__RECORDS PROVIDED__.
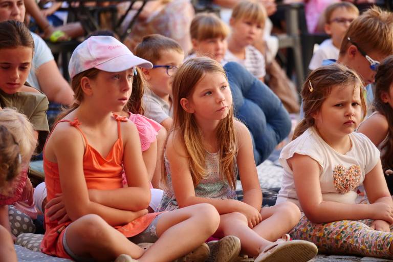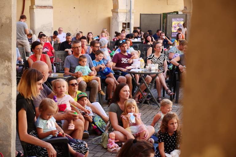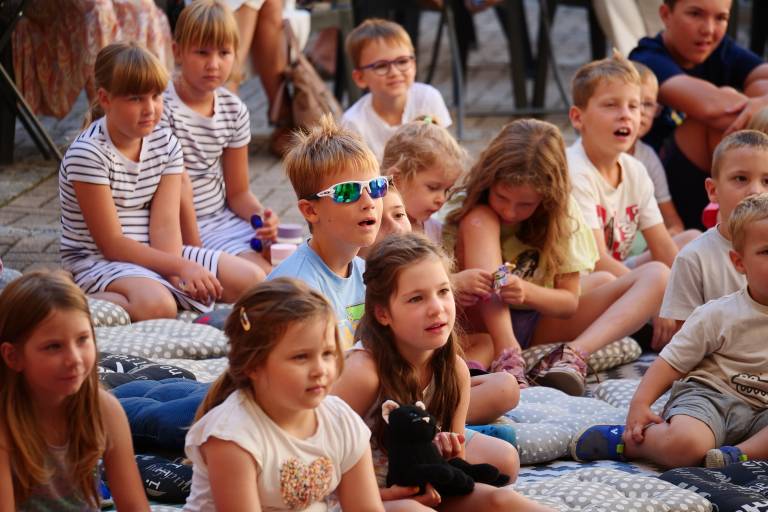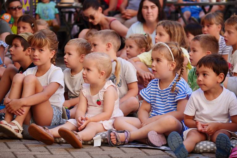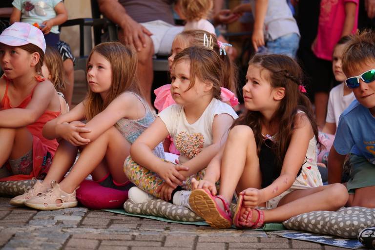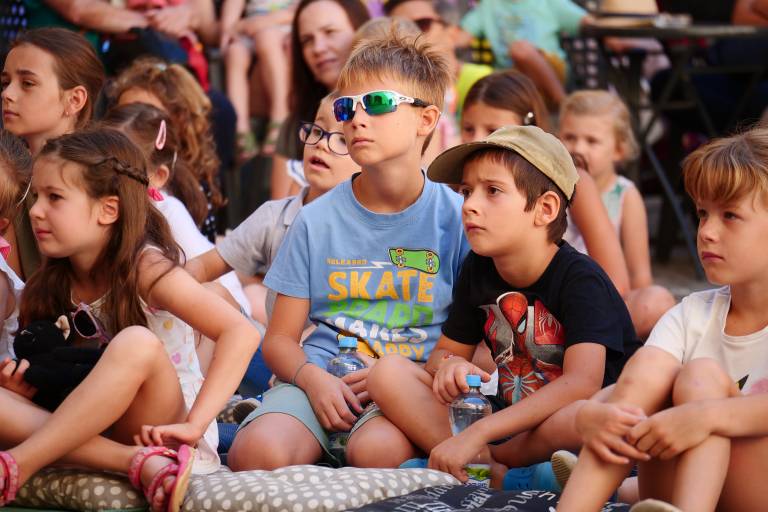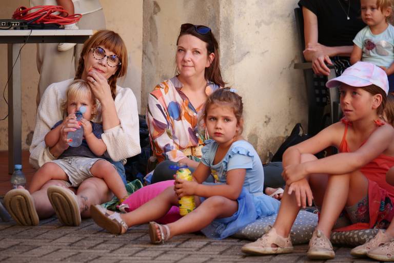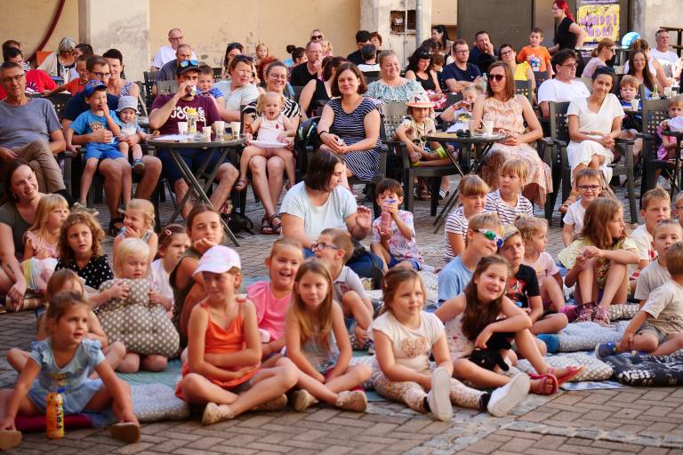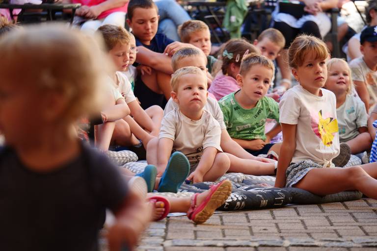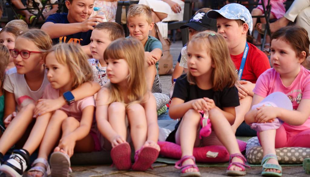 Grajsko dvorišče v Murski Soboti je danes dopoldne znova oživelo z otroškim smehom in pravljično energijo, saj je v okviru Soboškega poletja 2025 Gledališče Labirint uprizorilo predstavo Metuljček in Metuljčica.
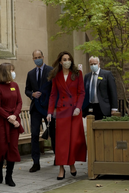 Ksiezna Kate w czerwonym plaszczu i ksiaze William podczas oficjalnego wyjscia
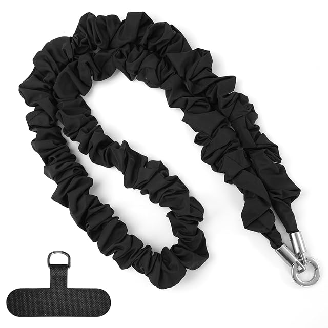 [VEISEN] スマホ ショルダーストラップ スマホストラップ 斜めがけ首掛け肩掛け 全機種対応 ドロスト ギャザー ショルダーベルト 丈夫 男女兼用 大人 かわいい レディース 落下防止 金具付き 斜めがけ 携帯ストラップ ロープ(ブラック)
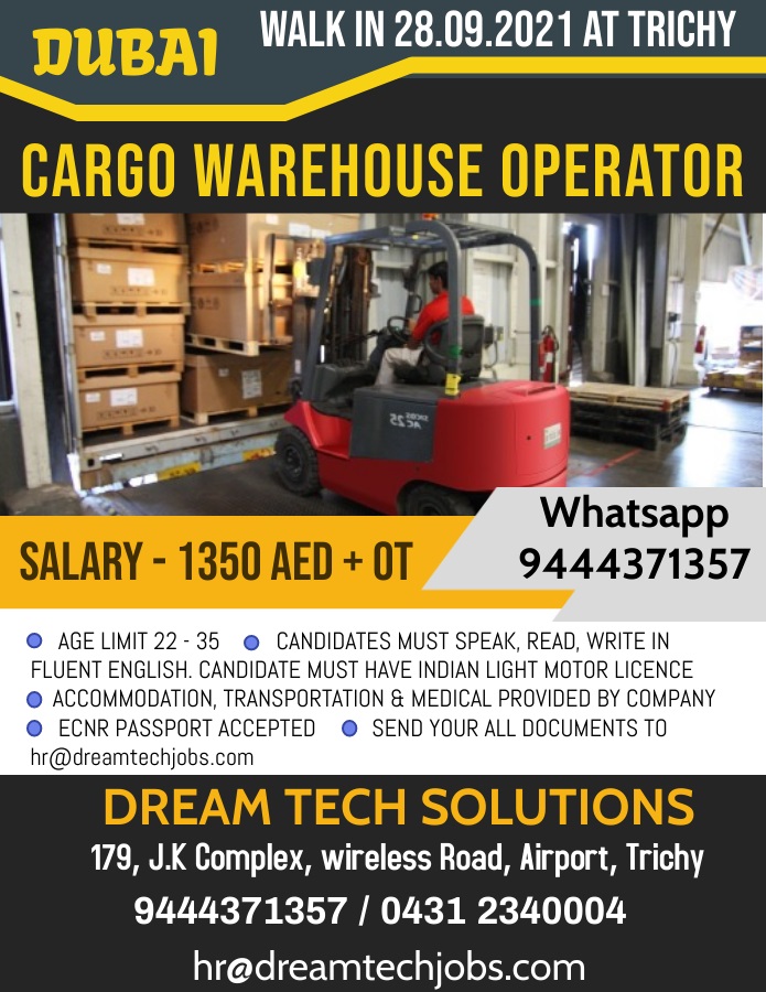 Cargo warehouse operator job in Dubai
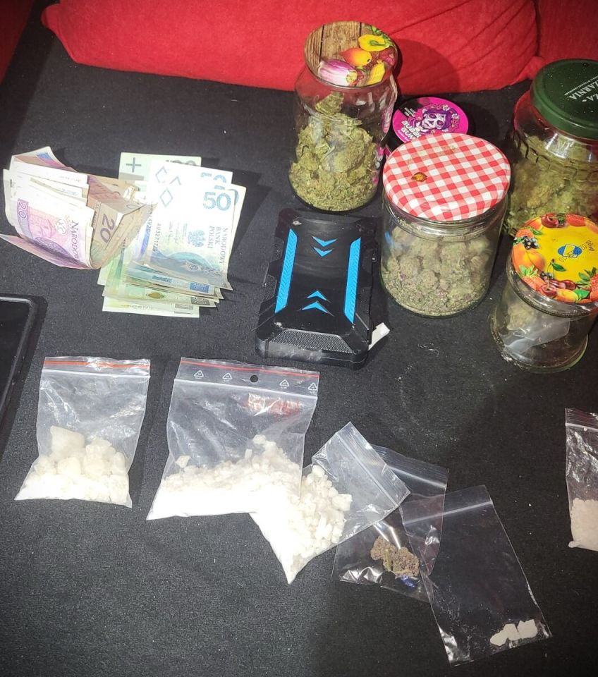 Funkcjonariusze Posterunku Policji w Kadzidle zatrzymali 26 letniego mieszkańca powiatu ostrołęckiego podejrzanego o posiadanie znacznych ilości narkotyków. Podczas przeszukania mieszkania policjanci zabezpieczyli amfetaminę, mefedron i marihuanę, z których można było przygotować kilkaset porcji handlowych. Znaleziono także gotówkę i wagę elektroniczną, mogącą służyć do porcjowania substancji.
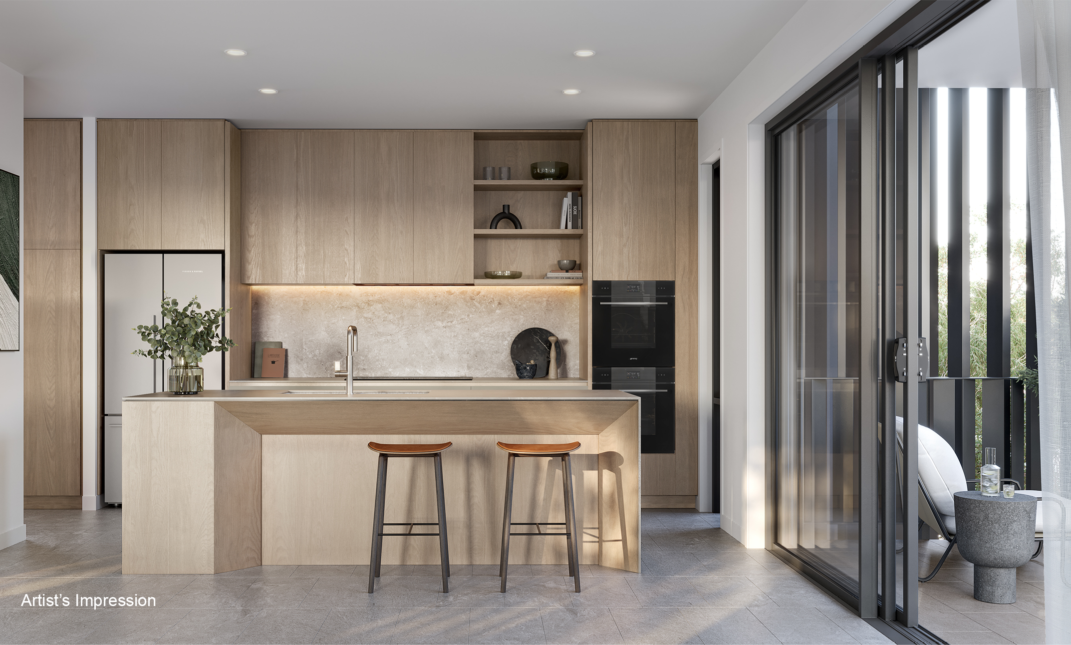 *Artist's impression as at 28.03.2024 was produced prior to receipt of all final planning approvals and prior to commencement of construction and is subject to change. The information, image and artist's impression depicting exteriors and interiors are intended only as a guide and are not to be relied on as a representative of the final product. Furnishings are not included. Landscaping and other aspects of the project may differ from this image. The view depicted is not to be taken as a representation of the final view.
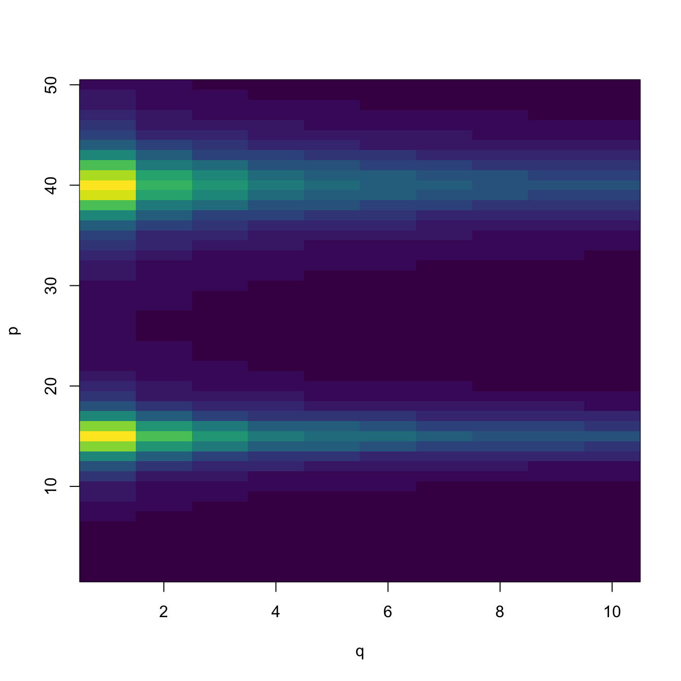 image(1:q, 1:p, t(B), col = viridisLite::viridis(20), xlab = "q", ylab = "p")
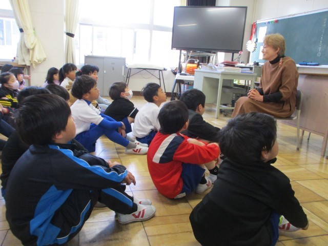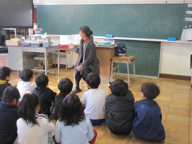今日はぶっくままさんの読み聞かせがありました。1組は「そらいろのたね」、2組は「オオカミと7匹のこやぎ」の素話でした。みんな夢中になって聞き入っていました。

__TASK BRIEF__.
Restate all of the material above word for word. Pictures do not belong in it.

__ANSWER SECTION__.
 Grajsko dvorišče v Murski Soboti je danes dopoldne znova oživelo z otroškim smehom in pravljično energijo, saj je v okviru Soboškega poletja 2025 Gledališče Labirint uprizorilo predstavo Metuljček in Metuljčica.
 Ksiezna Kate w czerwonym plaszczu i ksiaze William podczas oficjalnego wyjscia
 [VEISEN] スマホ ショルダーストラップ スマホストラップ 斜めがけ首掛け肩掛け 全機種対応 ドロスト ギャザー ショルダーベルト 丈夫 男女兼用 大人 かわいい レディース 落下防止 金具付き 斜めがけ 携帯ストラップ ロープ(ブラック)
 Cargo warehouse operator job in Dubai
 Funkcjonariusze Posterunku Policji w Kadzidle zatrzymali 26 letniego mieszkańca powiatu ostrołęckiego podejrzanego o posiadanie znacznych ilości narkotyków. Podczas przeszukania mieszkania policjanci zabezpieczyli amfetaminę, mefedron i marihuanę, z których można było przygotować kilkaset porcji handlowych. Znaleziono także gotówkę i wagę elektroniczną, mogącą służyć do porcjowania substancji.
 *Artist's impression as at 28.03.2024 was produced prior to receipt of all final planning approvals and prior to commencement of construction and is subject to change. The information, image and artist's impression depicting exteriors and interiors are intended only as a guide and are not to be relied on as a representative of the final product. Furnishings are not included. Landscaping and other aspects of the project may differ from this image. The view depicted is not to be taken as a representation of the final view.
 image(1:q, 1:p, t(B), col = viridisLite::viridis(20), xlab = "q", ylab = "p")
今日はぶっくままさんの読み聞かせがありました。1組は「そらいろのたね」、2組は「オオカミと7匹のこやぎ」の素話でした。みんな夢中になって聞き入っていました。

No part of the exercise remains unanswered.